Featured CLI Tool 2024

ExtMig

Open-source CLI tool to automate and streamline database migration workflows for TypeScript projects.

An open-source developer tool designed to improve migration workflows and productivity for modern development teams.

#open-source#developer-tools#automation#cli#typescript

ExtMig is an open-source CLI tool built to simplify and automate migration workflows in TypeScript-based Node.js projects.

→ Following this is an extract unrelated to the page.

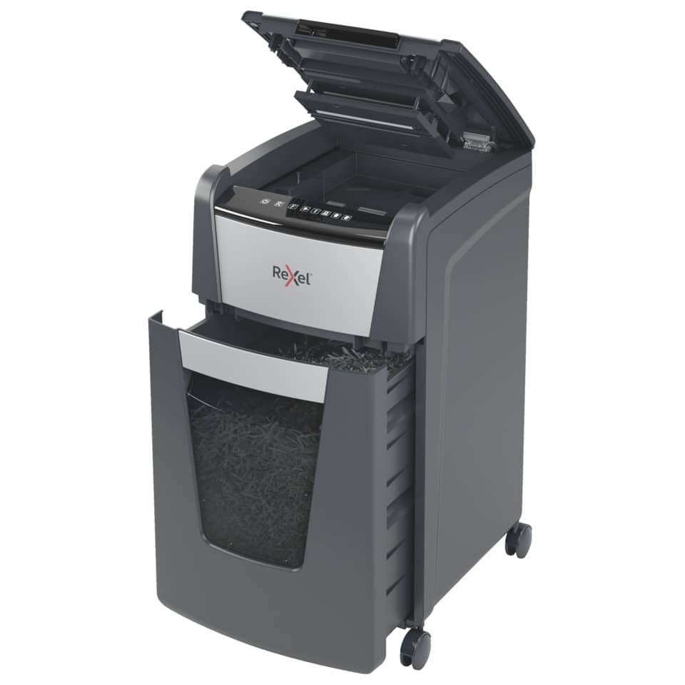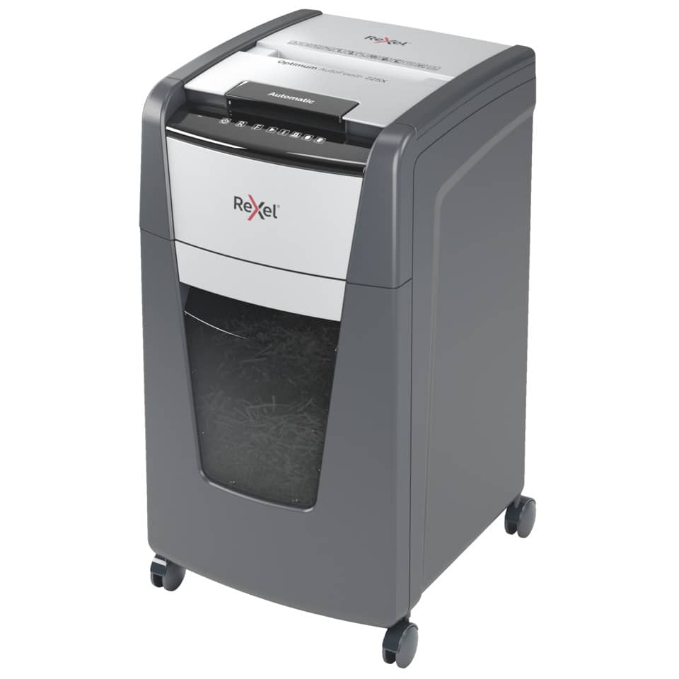 Distruggidocumenti Optimum AutoFeed+ 225X EU Rexel taglio a frammenti 4×28 mm DIN P-4 – 60 litri – Nero

Born from the friction of managing database migrations manually across environments, ExtMig gives developers a structured, reproducible way to run, track, and roll back migrations from a single command.

The project was built with a strong focus on developer experience — TypeScript-first configuration, clear CLI output, and an extensible architecture that fits into existing toolchains without forcing a specific setup.

Published openly on GitHub, ExtMig reflects a commitment to building tools that solve real problems in real development workflows, and contributing back to the open-source community.

Key Features

Automated Migration Execution

Run, rollback, and dry-run migrations from a single CLI command with clear output and error reporting.

🔧

TypeScript-first Config

Configuration and migration files are written in TypeScript, giving you full type safety and IDE support out of the box.

🔌

Extensible Plugin System

Add custom hooks before and after each migration step to integrate with your existing toolchain.

↩️

Safe Rollback Support

Every migration defines an up and down function, enabling clean and predictable rollbacks in both development and production.

Tech Stack

TypeScriptNode.js

Architecture

ExtMig is structured as a Node.js CLI with a plugin-based architecture. Each migration step is represented as an atomic unit, enabling rollback and dry-run support. The tool reads configuration from a local extmig.config.ts file and resolves migration files in order. The execution engine wraps all steps in a transaction boundary and maintains an internal state machine that tracks executed vs. pending steps.

Challenges & Solutions

The hard problems — and how I solved them.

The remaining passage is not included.